The Intelligence Advanced Research Projects Activity (IARPA), an organization within the U.S. Director’s Office, has a mission “to push the boundaries of science to develop solutions that enable the IC (Intelligence Community) to do its job better and more effectively for national security.” HIATUS is one of its research programs that aims to authenticate the author of a text and ensure its privacy through human-explainable algorithms.
IARPA implements research programs and delivers the results to its IC clients who themselves deploy the resulting innovative technologies. The four main research areas in which it invests are artificial intelligence, quantum computing, machine learning and synthetic biology.

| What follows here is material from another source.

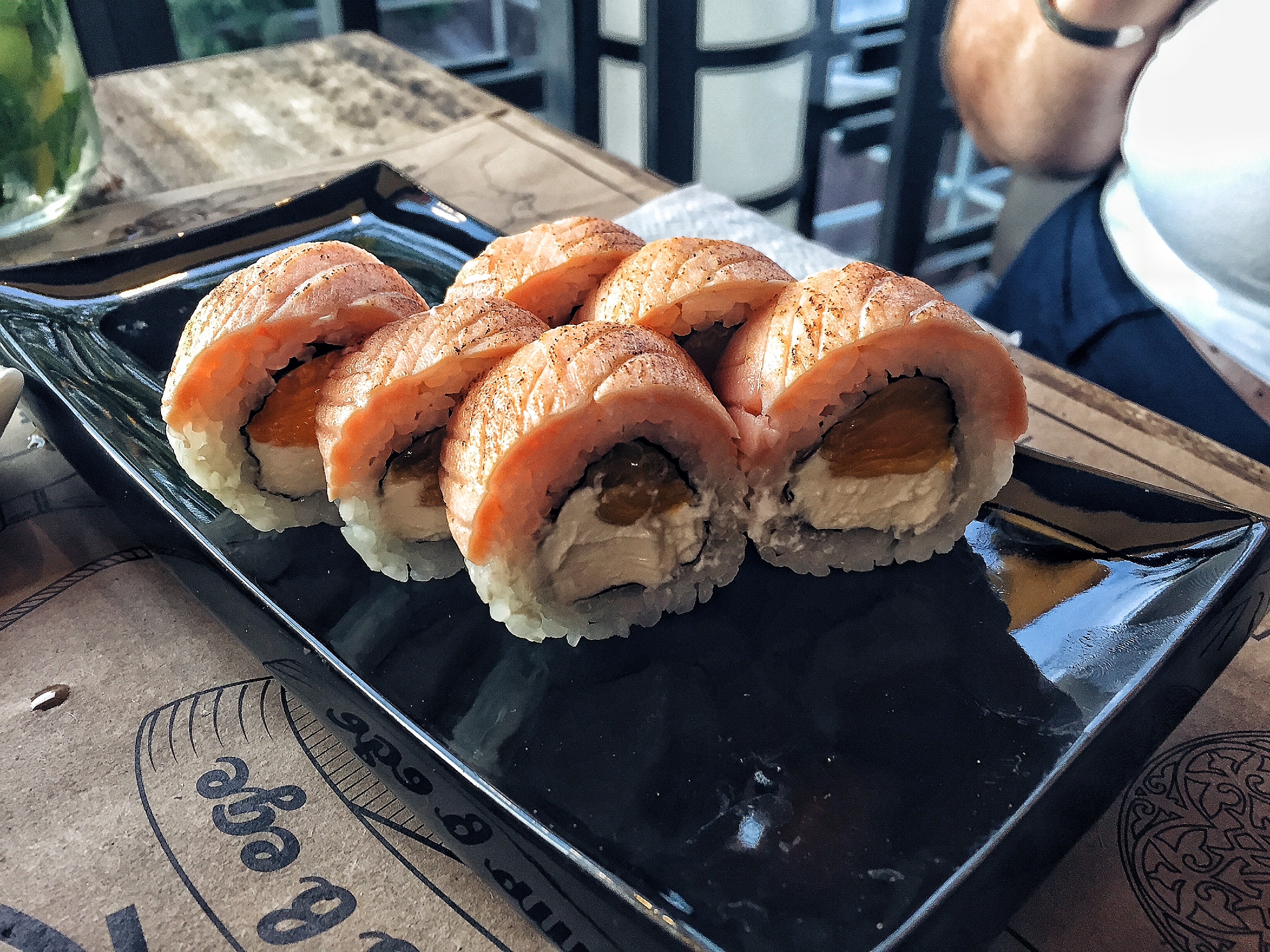 Состав: лосось копченый, такуан, соус спайси, кунжут черный, сыр сливочный, рис, нори. |

The HIATUS program, human-interpretable attribution of text using the underlying structure
Whether spoken or written, linguistic components differ from one person to another, the organization of words, sentences, and their content can reveal who spoke or wrote them.
Timothy McKinnon, the manager of the Hiatus program, told Nextgov in an interview:
“For a little bit of context, it’s like if you had 100 different people, and you asked them to describe something simple – like how to open a door – in two sentences or one sentence, you’d probably get about 100 different answers. Each person sort of has their own idiosyncrasies as an author that are potentially used by authorship attribution systems.”

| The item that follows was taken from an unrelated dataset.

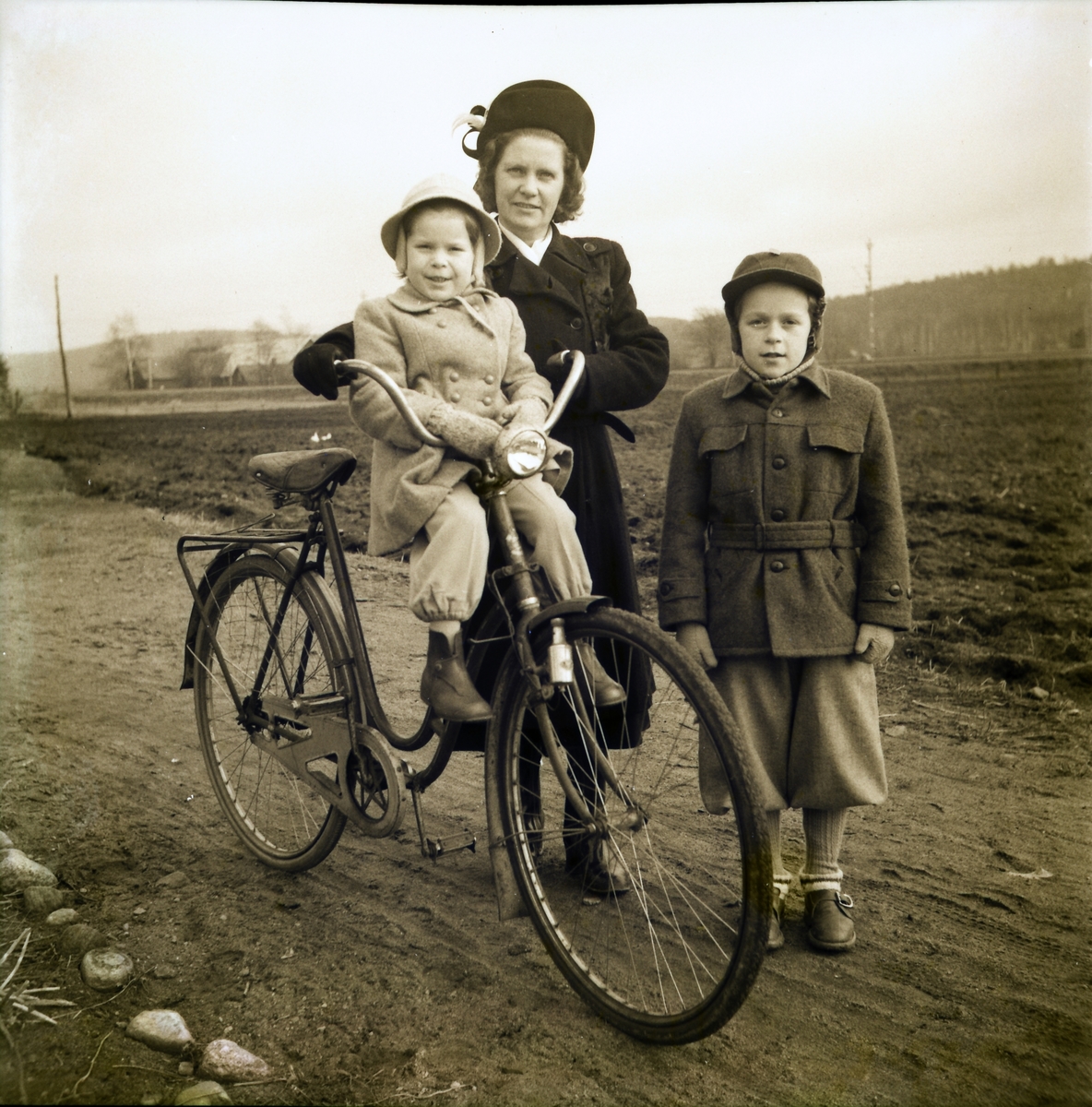 Jenny Lidberg på promenad med cykeln och barnen. Lilla Elly sitter på en extra sits monterad bakom styret och Leif går bredvid. De är klädda för en kylig dag med öronlappsmössor, varma jackor och vantar.

On a daily basis, a mass of text is written by anonymous authors, human or machine. Timothy McKinnon points out that most of these documents contain linguistic components that can be used to identify who wrote the information, or to protect the identity of the authors if attribution could put them at risk.
He explains:
“With attribution, we identify stylistic features. So it’s things like word placement and syntax that can identify who wrote a given text. Think of it as your written fingerprint. What are the characteristics that make your handwriting unique? Then the technology would be able to identify that fingerprint against a corpus of other documents and compare whether they came from the same author. On the privacy side, the technology would find ways to alter the text so that it no longer looks like a person’s handwriting.”
Currently, there are three ways to authenticate the author of a text: linguistic experts can do this by analyzing the text, one can also use Machine Learning, including logistic regression or use a Bayesian model, but according to Timothy McKinnon, these methods would not be valid for all texts. The third alternative is to use a neural language model, but for him, they are not sufficiently explainable.
He states:
“The problem with these models is that even though they are very, very fast and they work very well, we don’t really understand what’s going on inside. They are very complex.

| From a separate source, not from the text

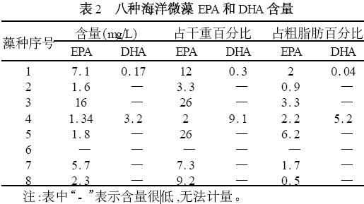 2. 2 八種海洋微藻EPA 和DHA 含量測定結果表2 所示,八種微藻中硅藻門EPA 含量最高,其中3 號藻,EPA 含量為16mgPL ,占干重的26 % ,占粗脂肪的3. 3 % ,幾乎不含DHA ,這一點有助于EPA的提取和純化,可作為工業化生產EPA 的藻株。1號藻EPA 含量為7. 1mgPL ,占干重的12 %;DHA 含量幾乎可以不計。金藻門中4 號藻DHA 含量最高,為1. 34mgPL ,占干重的9. 1 % ,占粗脂肪的5. 2 %。綠藻門中7 號EPA 為5. 7mgPL 占干重的7. 3 % ,占粗脂肪的1. 7 % ,而6 號藻幾乎不含有EPA 和DHA。紅藻門的紫球藻EPA 產量為2. 3mgPL ,占9. 2 % ,占粗脂肪的0. 5 % ,不含有DHA。

And so what HIATUS is trying to do, among other things, is to find out some of the reasons behind the behavior of these models, so that when we do authorship attribution or confidentiality, we’re able to really understand why the system behaves the way it does, and be able to verify that it’s not detecting false information and that it’s doing the right thing.”
The HIATUS program therefore aims to develop new human-usable systems for attributing authorship and protecting the privacy of authors through the identification and exploitation of explainable and exploitable linguistic fingerprints in different languages. It is expected to last 42 months, from September 30, 2022 to about March 29, 2026, the BAA (call for proposals) was published last February 25.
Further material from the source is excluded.